Passou o pesadelo da Grande Guerra e tivemos logo a apoteose da traves­sia aérea do Atlântico. Portugal vive; Portugal perdura. Pônhamos o pro­blema: O Cristianismo não fechou o seu ciclo. Portugal carece dum ideal nacional. Esse ideal tem de estar den­tro do Cristianismo. Esse Cristianismo tem de ser nacional. O Evangelismo é uma crise curativa do Cristianismo Tradicional. É uma obra de reforma que não terminou o seu ciclo e que já na nossa terra encontrou a sua fór­mula de ética peculiar. Essa fórmula está na difusão do mais humano e do único divino de todos os livros, aquele de que diz Tolstoi no livro “Os Dezembristas”, infelizmente desconhe­cido na nossa língua:

«Não há um livro como a Bíblia, para descobrir à criança êste novo mundo e prendê-la ao amor e ao de­sejo de saber… Não conheço livro algum que dê duma forma tão com­pacta e poética todas as fases do pen­samento humano…Repito que sem a Bíblia a educação da criança, no esta­do actual da sociedade, é impossível”.

Vêde, Jovens, que programa vasto e profundo! Evangelizar a Criança, evangelizar a Mulher, evangelizar o Povo, evangelizar o pensamento e a acção, a literatura e o coração vazio de Deus! E também evangelizar as colónias, pois a Soberania, segundo o direito moderno, é não só regalia mas compromisso.

Mãos a Obra, jovens!

Necessitamos de manter o nosso moral também, nesta luta amorosa e construtiva. Representando uma cor­rente interpretadora dêsse Cristia­nismo que em tão grande medida con­correu para a formação da nossa Pá­tria, desejosos do estabelecimento dum cristianismo sem peias estranhas nem exotismo de expressão, precisamos de preparar o nosso programa mínimo de respeitosa reivindicação e de cola­boração leal, programa bem português, dito em português e a portugueses.

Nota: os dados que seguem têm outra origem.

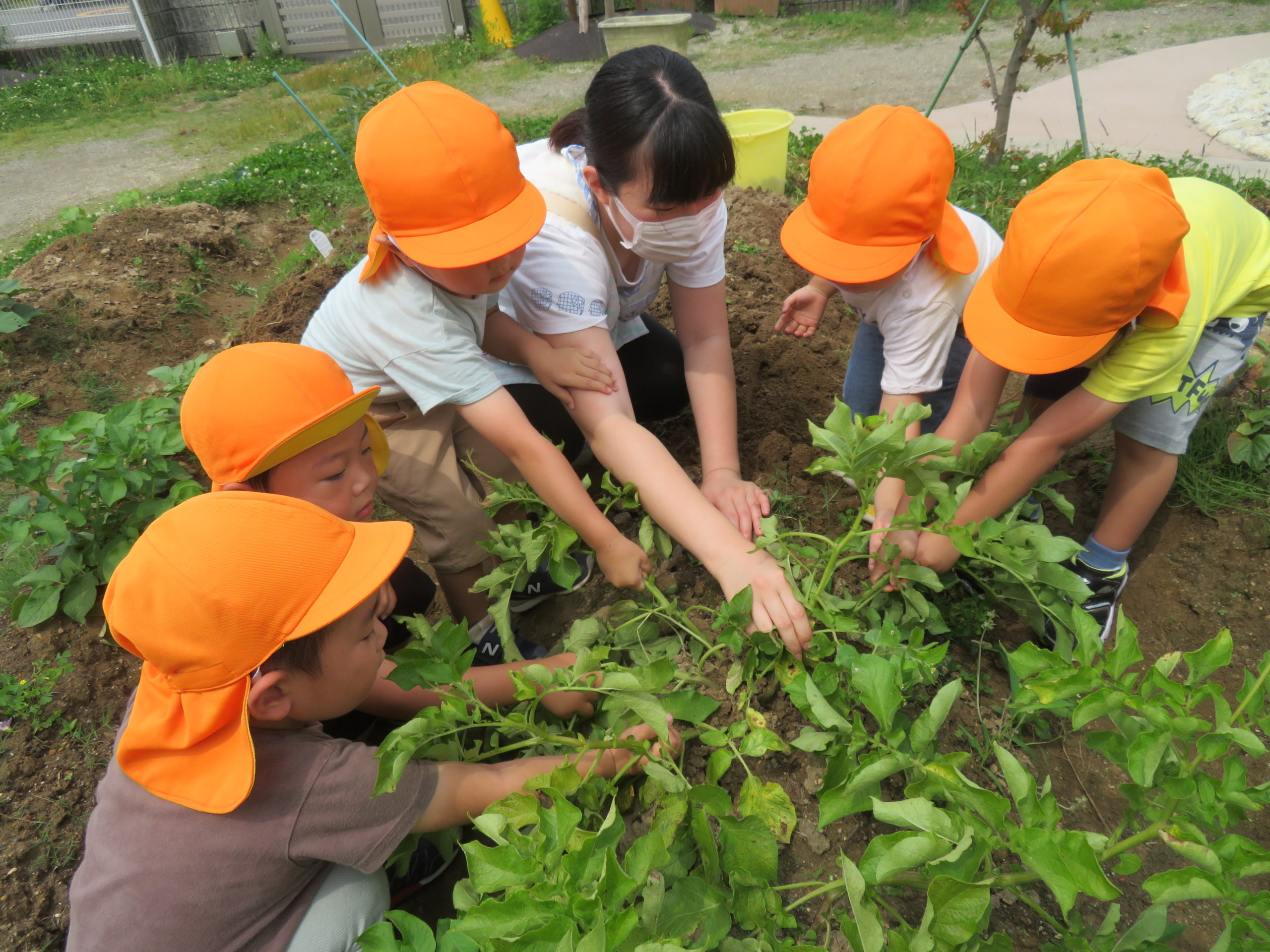 じゃがいもってどこでとれるの?葉っぱの下はどうなってるの?と興味津々の子どもたち。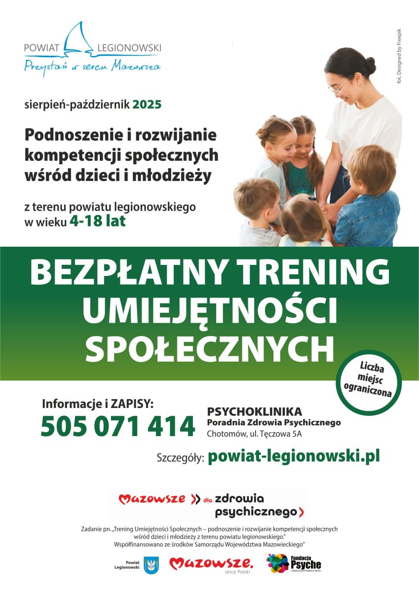 Zadanie „Trening Umiejętności Społecznych – podnoszenie i rozwijanie kompetencji społecznych wśród dzieci i młodzieży z terenu powiatu legionowskiego” realizowane jest w ramach Samorządowego Instrumentu Wsparcia Zdrowia Psychicznego „Mazowsze dla Zdrowia Psychicznego 2025”.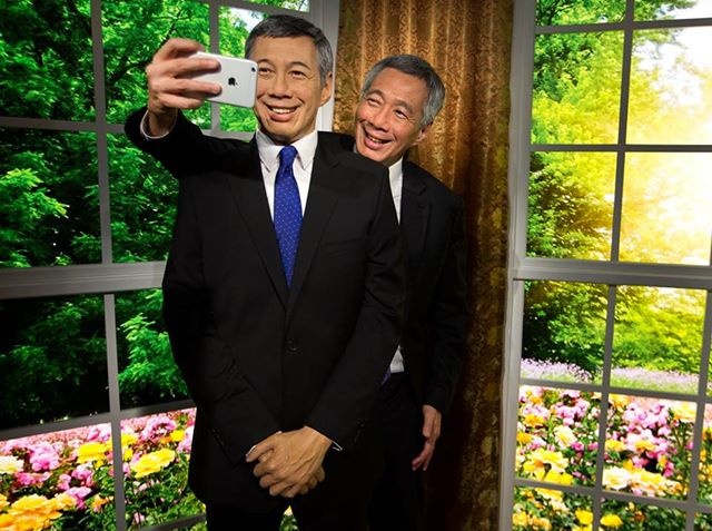 Ông Lý chụp ảnh tự sướng với tượng sáp (bên trái) của chính mình tại Bảo tàng Madame Tussauds của Singapore. Tại đây, người ta trưng bày tượng sáp của những người nổi tiếng cả của Singapore và thế giới. “Thật tuyệt khi Singapore đã có bảo tàng tượng sáp này”, ông Lý chia sẻ. |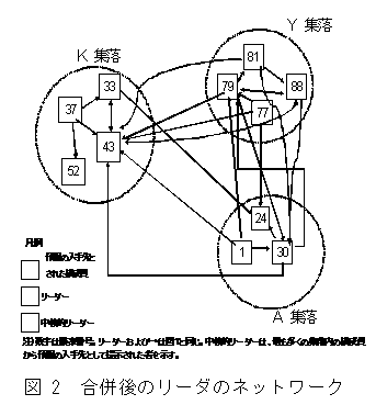 これら組織再編の結果、構成員の情報入手先は、合併前の24名から合併後には18名へと25%減少し、情報入手先一人当たりの平均紐帯数も合併後は増加するなど(表2)、情報伝達の効率化が図られると共に、合併組織の指揮命令系統が確立されている。構成員への情報伝達に関して、O組合の構成員に「私はO組織の現在の活動や将来方向を理解しているし情報も十分に得ている」の設問を行った結果、「そう思う」、「ややそう思う」の合計は60%(回答者78名の47名)を示し、「あまりそうは思わない」、「そう思わない」の14%を大きく上回っている。これは、情報の入手先が限定する中で、構成員の大半は情報を十分に獲得できていることを示している。 |

Um dos heróis da Reforma Alemã chamava-se Oecolampadio, que quer dizer “lâmpadas de casa”. Irmãos e amigos, somos já em Portugal “lâm­padas de casa”; em nossos corações não arde fogo estranho, mas o fogo santo do amor a Deus e à Pátria: ao Deus Eterno e Infinito, expresso num culto feito na língua suáve e doce das nossas Mães, à Pátria que é feita dos que passaram, deixando um nobre exemplo, e dos que vivem e sofrem o dia de hoje, aos quais queremos ajudar a ser tão nobres como os que passaram e mais esclarecidos do que eles. Viva Portugal!

Eduardo MOREIRA
«Discurso pronunciado pelo eminente escritor e orador sr. Eduardo Moreira, no Culto Comemorativo do 9 de Abril»
Portugal Novo, 15 de Abril de 1928, Ano I n.º 5, p. 1.